Ethan was born in 2015, and Stephanie and Shawn never could have imagined how much was riding on the fact that they lived in Texas at the time. Each state has a different set of diseases that are screened for at birth. Texas does not screen for Hurler syndrome, a rare disease that causes an abnormal accumulation of complex sugars in a child’s cells and, if left untreated, results in early childhood death.
Stephanie is a pharmacist and jokes that her medical knowledge “causes hypochondriac tendencies.” So when she noticed a little notch on Ethan’s lower spine at 3 months old, she wasn’t sure if she should worry. She showed her pediatrician and then, a few months later, brought Ethan to a pediatric orthopaedic surgeon. The surgeon thought it was a birth defect that wouldn’t cause any harm. She was told that her son would live a perfectly normal life, he just couldn’t play football or join the military. Still, Stephanie was concerned as the curvature progressed.
In December, Shawn’s employer transferred him to New Jersey, and the relocated family decided that since they were now close to CHOP and its world-class care, they should get another opinion. They made an appointment with a pediatric orthopaedic surgeon, who decided Ethan should get additional tests to make sure they weren’t missing a larger picture. An echocardiogram came back borderline abnormal, with no need of concern. Ethan then was seen by the Division of Human Genetics. The geneticist talked to Stephanie at length, took measurements and X-rays, and requested further genetic testing. “That’s when I was told they think he has Hurler syndrome,” says Stephanie. “The doctor said, ‘Don’t go home and Google this until we get the test results,’ but of course I did. That’s when I learned Hurler syndrome is considered a childhood disease because, before treatment, no one lived to adulthood.”
‘Not things you are prepared to deal with’
When Stephanie went to her appointment with the Metabolic Disease Program to get the genetic test results, all she could think was, “I am about to be told the most devastating news of my life.” Ethan did indeed have Hurler syndrome and would need a bone marrow transplant as soon as possible. “I needed to see 15 different specialists in the next two weeks,” Stephanie recalls. “They fast-tracked Ethan and scheduled everything for me — I can’t tell you how important that was. I was overwhelmed. These are not things you are prepared to deal with as a new mother.”
At this point, in addition to all the appointments, weekly enzyme replacement therapy infusions, and desperately waiting for the National Marrow Donor Program to locate a match, the family was still trying to find a home and get settled. “We were still in living in a temporary hotel or apartment and didn’t know anybody in the area,” says Stephanie. Finally, they found a home in Delaware that they would get ready to bring their son to after his transplant.
A bone marrow donor for Ethan was identified — and then fell through. “Every day counted,” says Stephanie. “The organ damage was ongoing.” Finally, a second donor was located, and Ethan had a lifesaving bone marrow transplant days before his first birthday. Although the procedure is not a cure, “It gives us 20 more years with our son — more I hope,” says Stephanie.
“While BMT does not prevent additional ophthalmologic and orthopedic issues, it does ameliorate other issues, including progressive neurologic decline and some cardiac issues,” explains Nancy Bunin, MD, Medical Director of the Blood and Marrow Transplant Program.
Finding a new level of strength
Ethan spent 45 days in the hospital, with Stephanie by his side: “I never left the room. One nurse would come in and say, ‘I’ve got him,’ and tell me to go take a shower, get something to eat. The nurses, doctors, therapists were all rooting for you. They became family.” Chaplain Laura Palmer, MDiv, BCC, visited every day. “She was such a tremendous support — I will never forget her kindness.”
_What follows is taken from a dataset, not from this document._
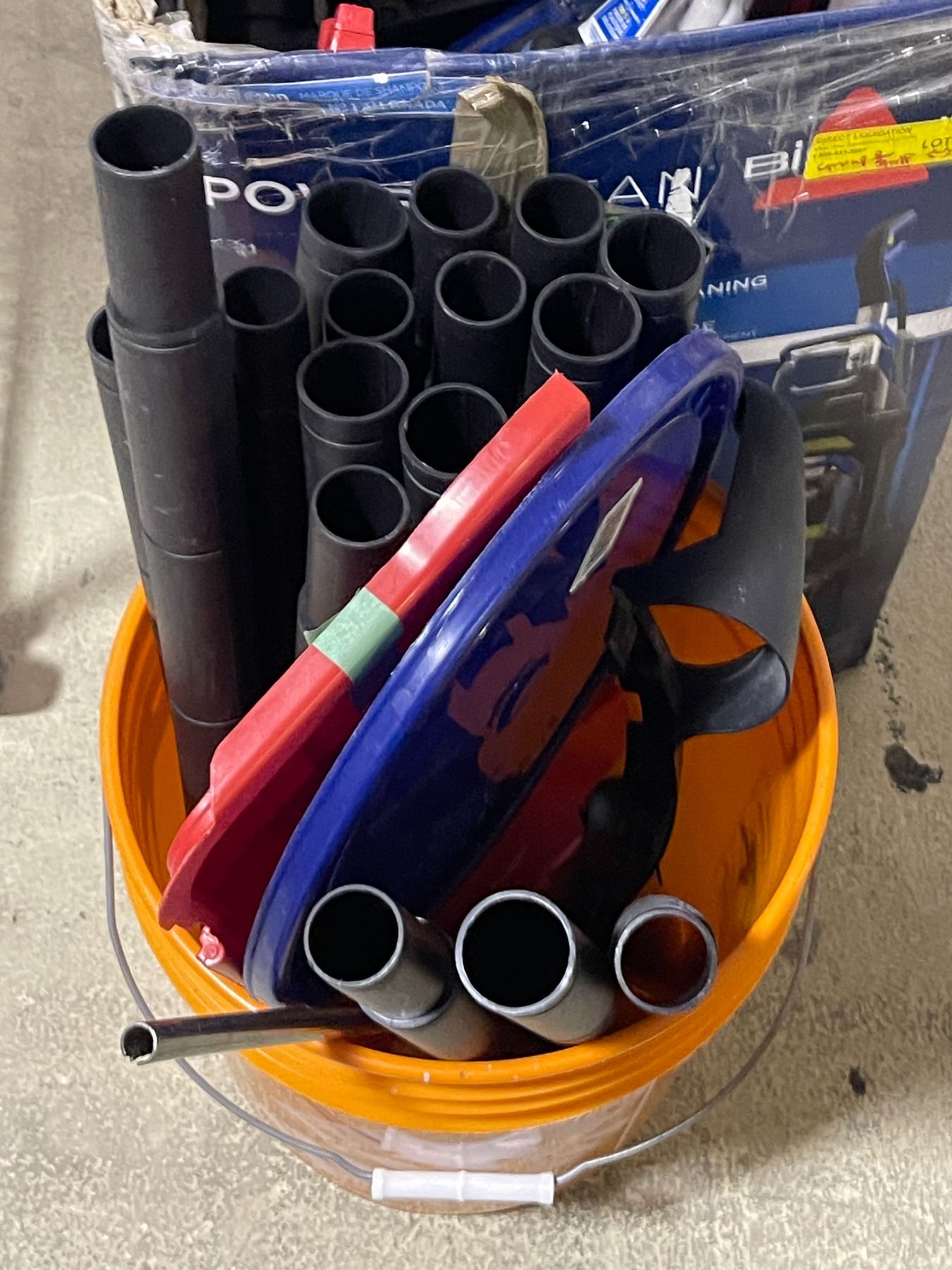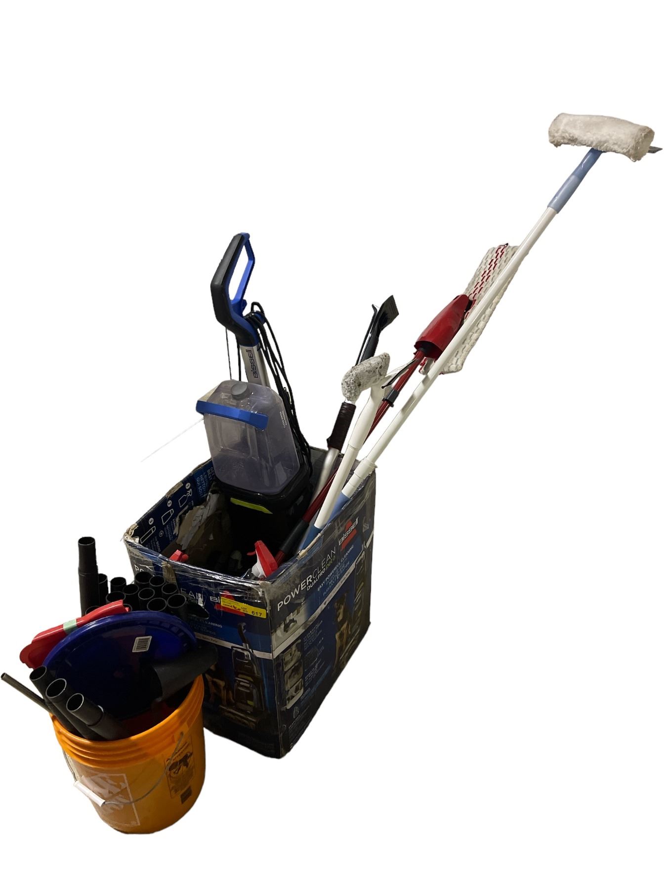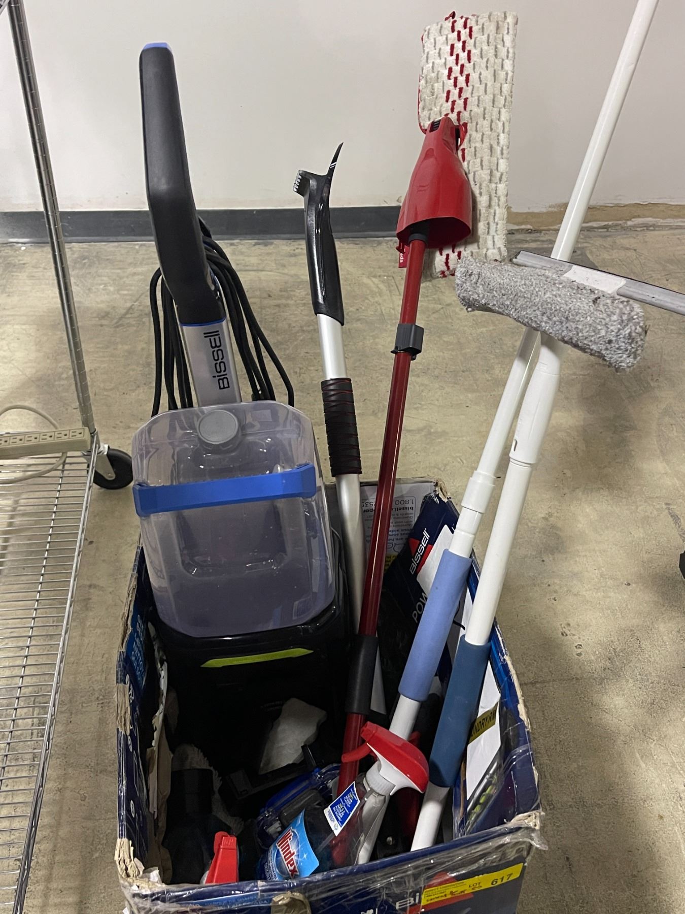 Group lot - Bissell carpet cleaner w/ attachments - Misc cleaning products & plastic shelving (Tested & Working)

Ethan pulled through. But the family was dealt another challenge when Ethan was diagnosed with autism. Now 5, Ethan is functionally nonverbal but making great progress with communication. “I’ve never had a conversation with him. I just try to make him happy,” explains Stephanie.
“Our family has taken hardships and grown from them,” she continues. “We feel a whole different level of strength.” When other families at CHOP are facing the same diagnosis, the clinical team connects them with Stephanie so they don’t feel so isolated. She takes every opportunity to give talks about rare diseases and the patient experience to students of various medical professions. She advocates on a state and national level for the rare disease community. She helped advocate for changing newborn screening programs to include Hurler syndrome and other rare disorders in her home state of Delaware.
“I want to make any difference I can,” she explains. “I want other families to know they aren’t alone and if I can help make their journey any easier — that’s what I will do.”